▶ [Assignment]: Word for word, print each line of the listing below; pictures stay out.

▶ [Data block]:
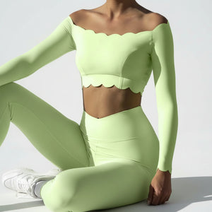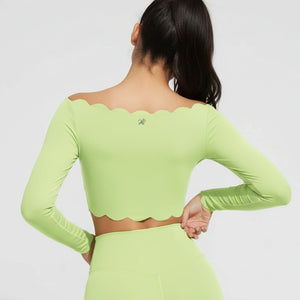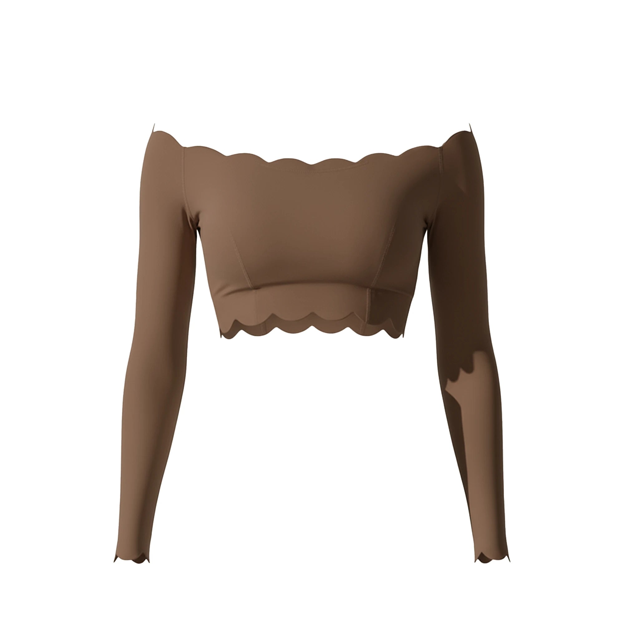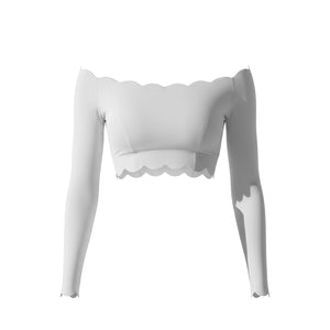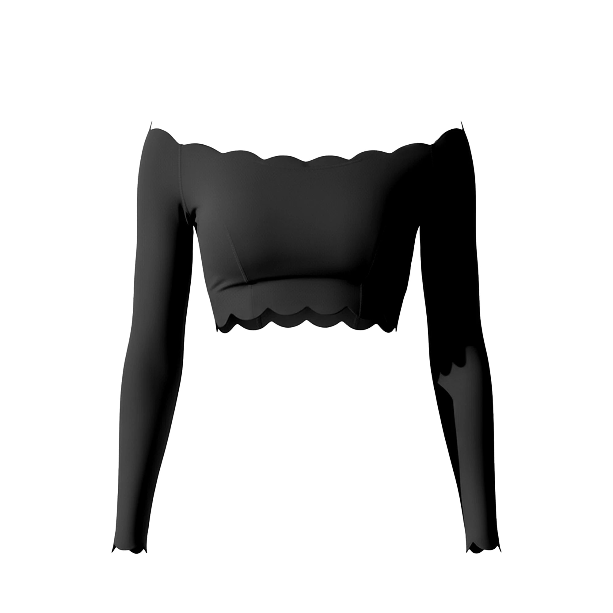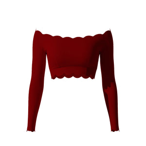 From late afternoon into plans that settle closer to night. The off-shoulder line sits exactly where it should, balanced by long sleeves and a cropped length that keeps the shape intentional. The fabric feels smooth and light on the skin, with scalloped edges that stay put without checking or fixing. It’s the piece you put on knowing the outfit is handled, and leave on as the hours move forward.
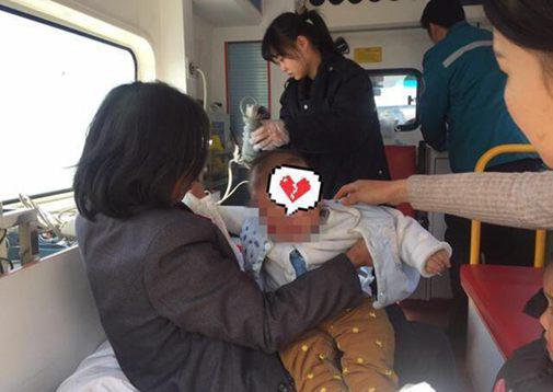 幸虧冬天衣被包裹得多,嬰兒面部有大面積淤青暫無生命危險,10:42分,救護(hù)到現(xiàn)場接走傷員。
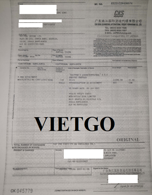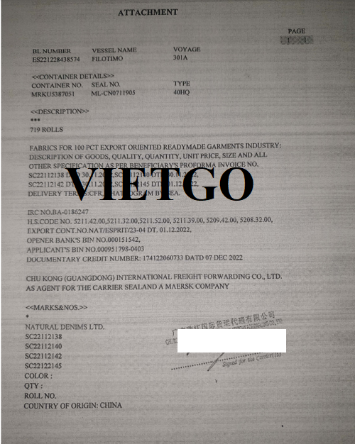 Hình ảnh vận đơn nhập khẩu sản phẩm vải từ thị trường Trung Quốc ngày 6/1/2023 do vị khách hàng cung cấp

▶ [Solution for this task]:
 From late afternoon into plans that settle closer to night. The off-shoulder line sits exactly where it should, balanced by long sleeves and a cropped length that keeps the shape intentional. The fabric feels smooth and light on the skin, with scalloped edges that stay put without checking or fixing. It’s the piece you put on knowing the outfit is handled, and leave on as the hours move forward.
 幸虧冬天衣被包裹得多,嬰兒面部有大面積淤青暫無生命危險,10:42分,救護(hù)到現(xiàn)場接走傷員。
 Hình ảnh vận đơn nhập khẩu sản phẩm vải từ thị trường Trung Quốc ngày 6/1/2023 do vị khách hàng cung cấp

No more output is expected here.